[What the task asks]
Shown below is a listing with pictures; reproduce exactly, and only, the lines between the ones containing "Cook lima beans" and "الجدير بالذكر أن", inclusive, leaving the pictures out.

[Exercise data]
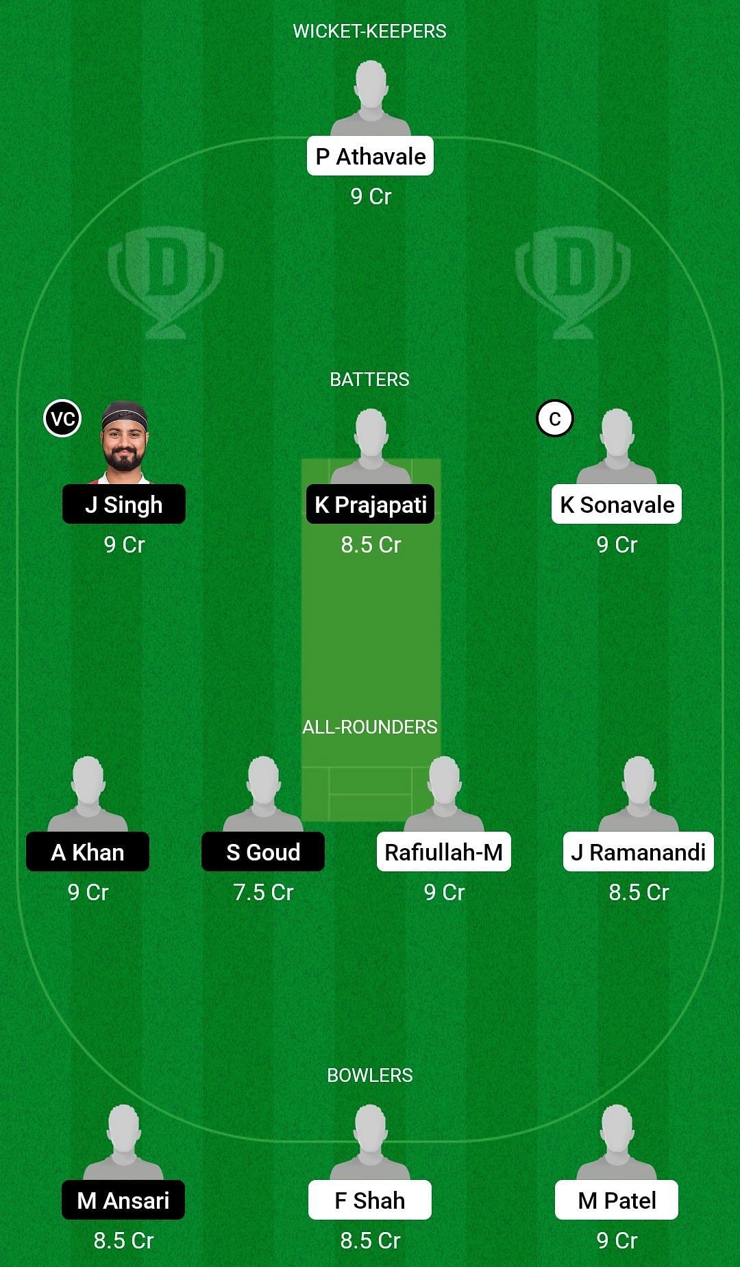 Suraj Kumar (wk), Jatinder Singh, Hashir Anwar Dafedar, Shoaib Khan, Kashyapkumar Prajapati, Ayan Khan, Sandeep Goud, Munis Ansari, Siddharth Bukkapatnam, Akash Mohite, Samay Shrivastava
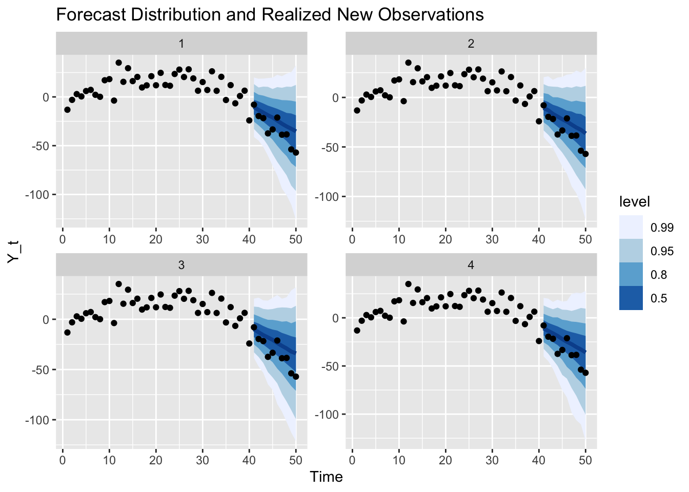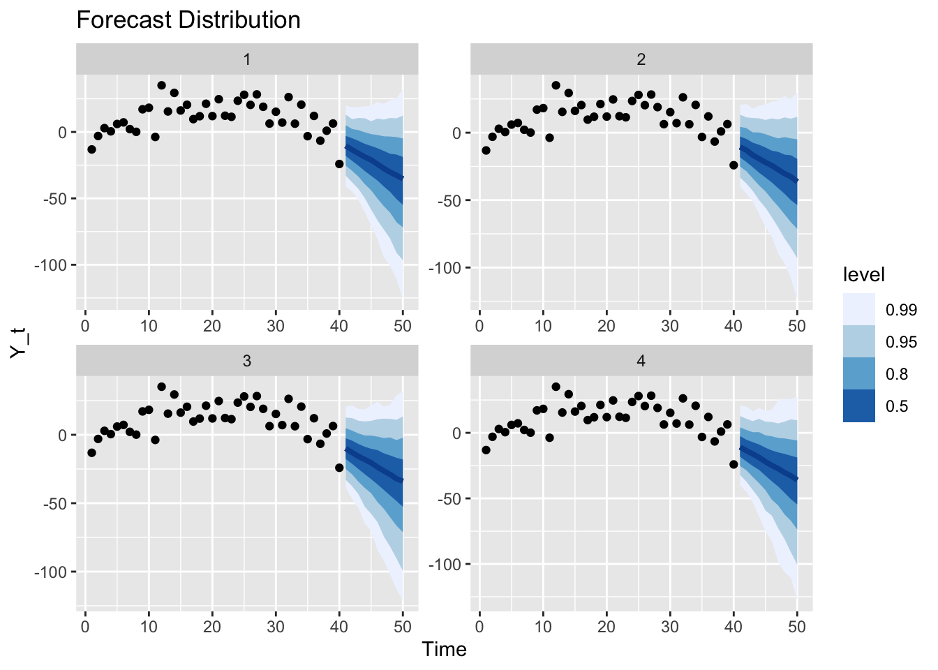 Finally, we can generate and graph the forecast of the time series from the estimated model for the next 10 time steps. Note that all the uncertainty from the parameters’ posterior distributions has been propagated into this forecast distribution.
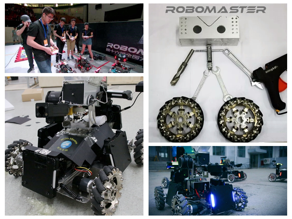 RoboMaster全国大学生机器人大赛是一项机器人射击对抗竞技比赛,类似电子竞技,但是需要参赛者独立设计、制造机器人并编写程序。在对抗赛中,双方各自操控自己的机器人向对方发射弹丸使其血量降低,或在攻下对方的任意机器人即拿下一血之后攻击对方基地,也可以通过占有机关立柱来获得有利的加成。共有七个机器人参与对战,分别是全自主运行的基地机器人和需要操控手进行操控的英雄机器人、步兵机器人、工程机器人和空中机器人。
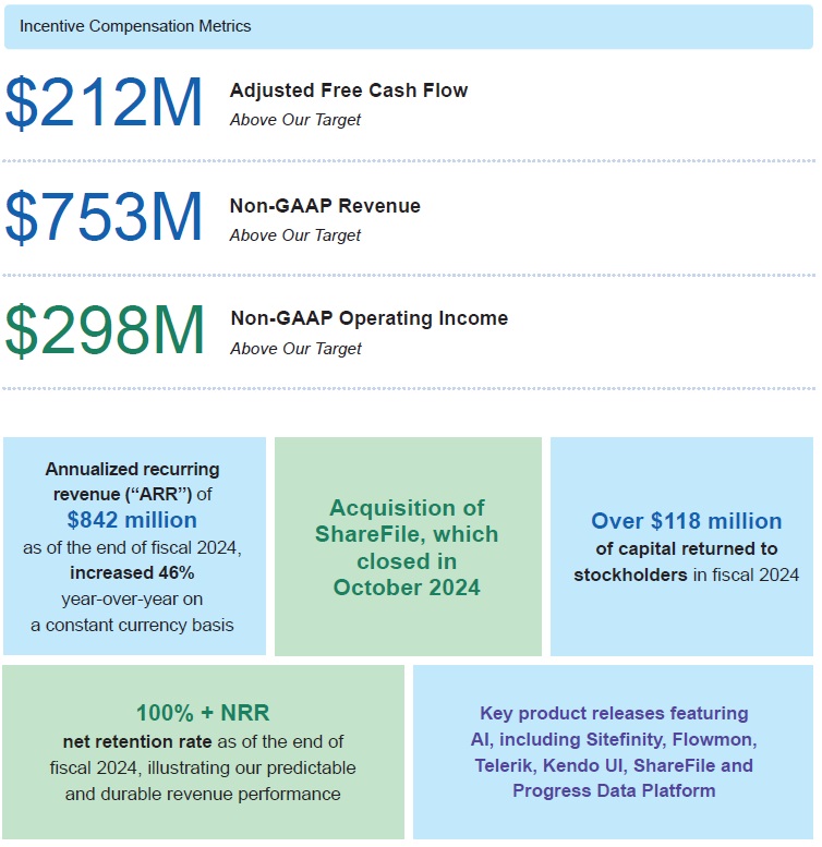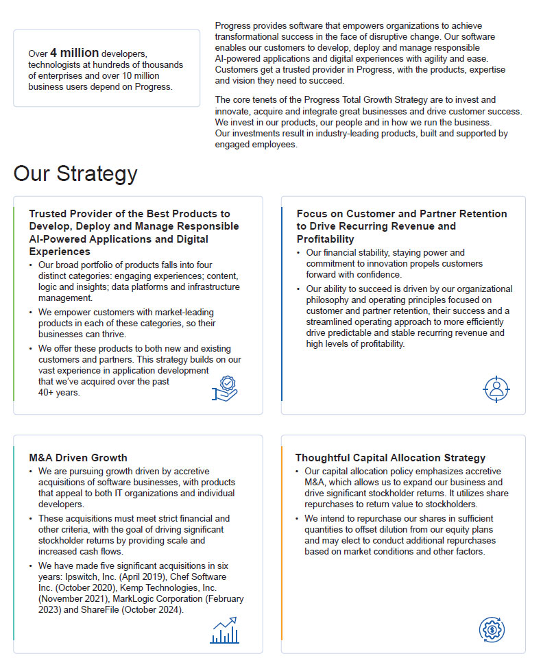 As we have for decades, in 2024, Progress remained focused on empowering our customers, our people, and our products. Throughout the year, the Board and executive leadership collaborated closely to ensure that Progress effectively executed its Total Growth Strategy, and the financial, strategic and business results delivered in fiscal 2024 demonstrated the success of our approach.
---
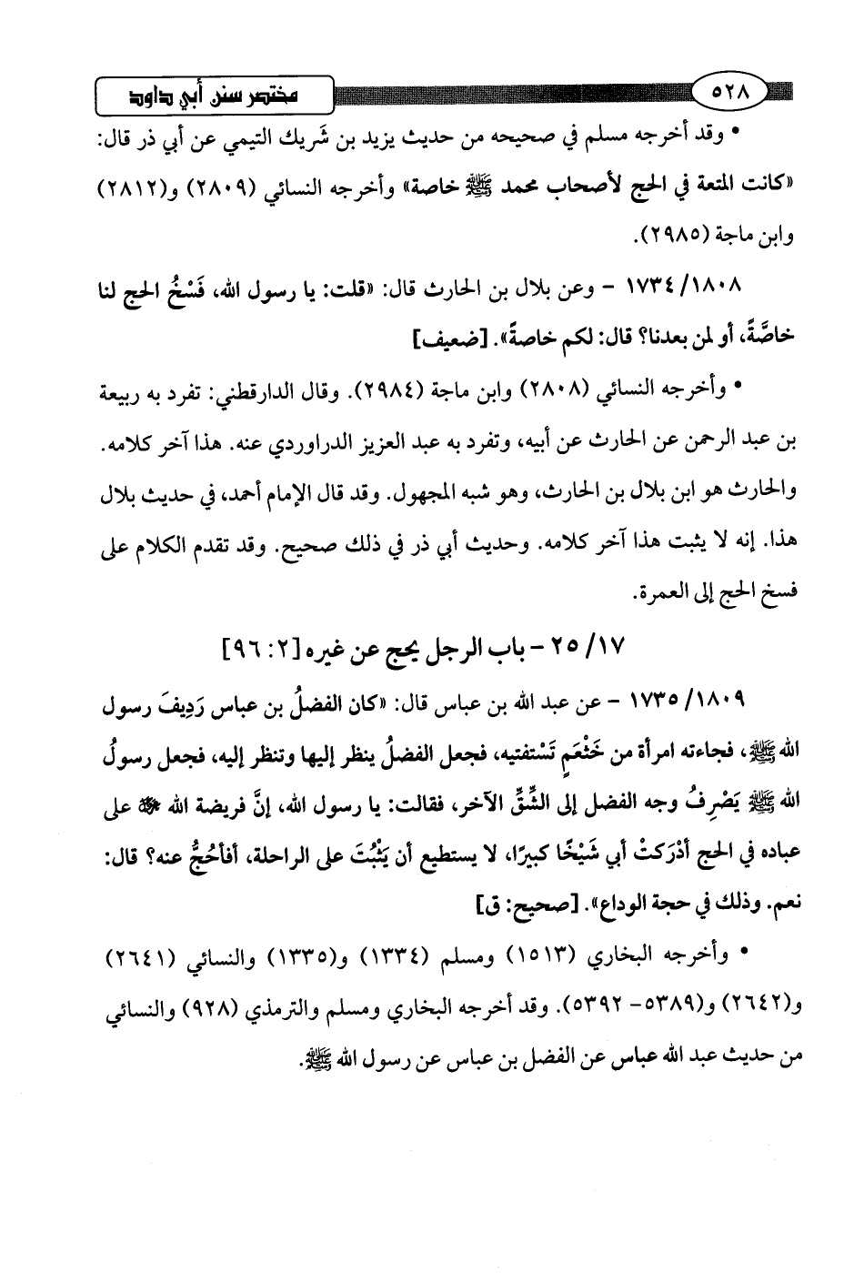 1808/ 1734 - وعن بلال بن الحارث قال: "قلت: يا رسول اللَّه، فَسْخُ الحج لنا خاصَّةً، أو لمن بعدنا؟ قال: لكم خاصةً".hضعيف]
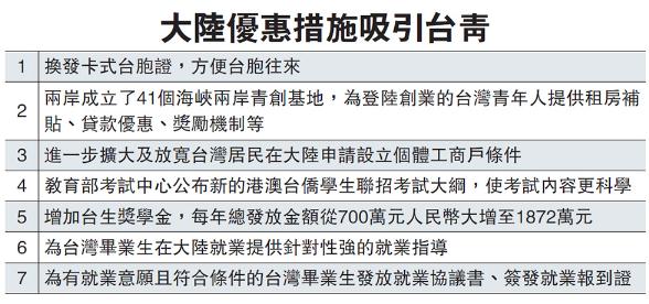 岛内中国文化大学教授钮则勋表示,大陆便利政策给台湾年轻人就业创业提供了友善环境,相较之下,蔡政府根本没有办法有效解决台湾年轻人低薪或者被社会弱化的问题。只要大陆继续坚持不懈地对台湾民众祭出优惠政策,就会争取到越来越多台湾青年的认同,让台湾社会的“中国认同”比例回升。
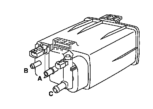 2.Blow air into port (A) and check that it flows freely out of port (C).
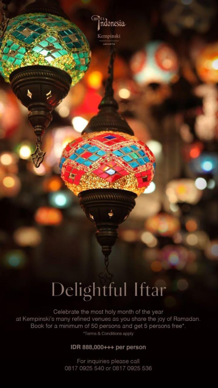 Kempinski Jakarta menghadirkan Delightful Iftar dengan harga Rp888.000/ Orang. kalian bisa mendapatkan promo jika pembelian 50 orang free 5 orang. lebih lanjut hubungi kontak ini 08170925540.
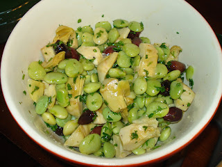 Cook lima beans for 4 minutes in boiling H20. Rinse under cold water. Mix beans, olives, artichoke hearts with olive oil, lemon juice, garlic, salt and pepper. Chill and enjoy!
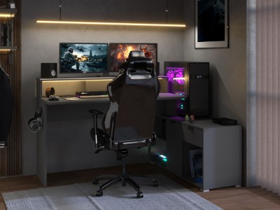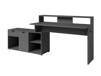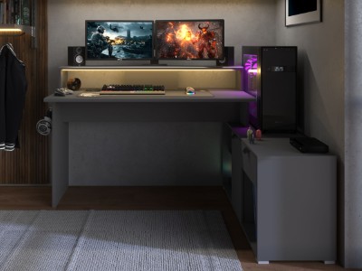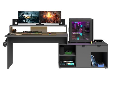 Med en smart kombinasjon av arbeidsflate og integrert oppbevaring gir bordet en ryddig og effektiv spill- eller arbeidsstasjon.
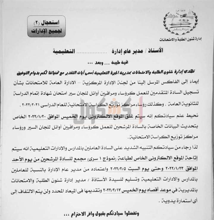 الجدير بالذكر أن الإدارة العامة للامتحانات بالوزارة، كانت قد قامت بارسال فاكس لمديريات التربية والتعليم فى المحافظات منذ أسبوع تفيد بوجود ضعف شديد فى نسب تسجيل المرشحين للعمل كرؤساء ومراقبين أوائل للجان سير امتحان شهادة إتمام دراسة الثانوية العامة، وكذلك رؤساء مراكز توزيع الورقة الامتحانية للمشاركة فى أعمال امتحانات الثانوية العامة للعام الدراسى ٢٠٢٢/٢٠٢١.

[Result of this exercise]
 Cook lima beans for 4 minutes in boiling H20. Rinse under cold water. Mix beans, olives, artichoke hearts with olive oil, lemon juice, garlic, salt and pepper. Chill and enjoy!
 Med en smart kombinasjon av arbeidsflate og integrert oppbevaring gir bordet en ryddig og effektiv spill- eller arbeidsstasjon.
 الجدير بالذكر أن الإدارة العامة للامتحانات بالوزارة، كانت قد قامت بارسال فاكس لمديريات التربية والتعليم فى المحافظات منذ أسبوع تفيد بوجود ضعف شديد فى نسب تسجيل المرشحين للعمل كرؤساء ومراقبين أوائل للجان سير امتحان شهادة إتمام دراسة الثانوية العامة، وكذلك رؤساء مراكز توزيع الورقة الامتحانية للمشاركة فى أعمال امتحانات الثانوية العامة للعام الدراسى ٢٠٢٢/٢٠٢١.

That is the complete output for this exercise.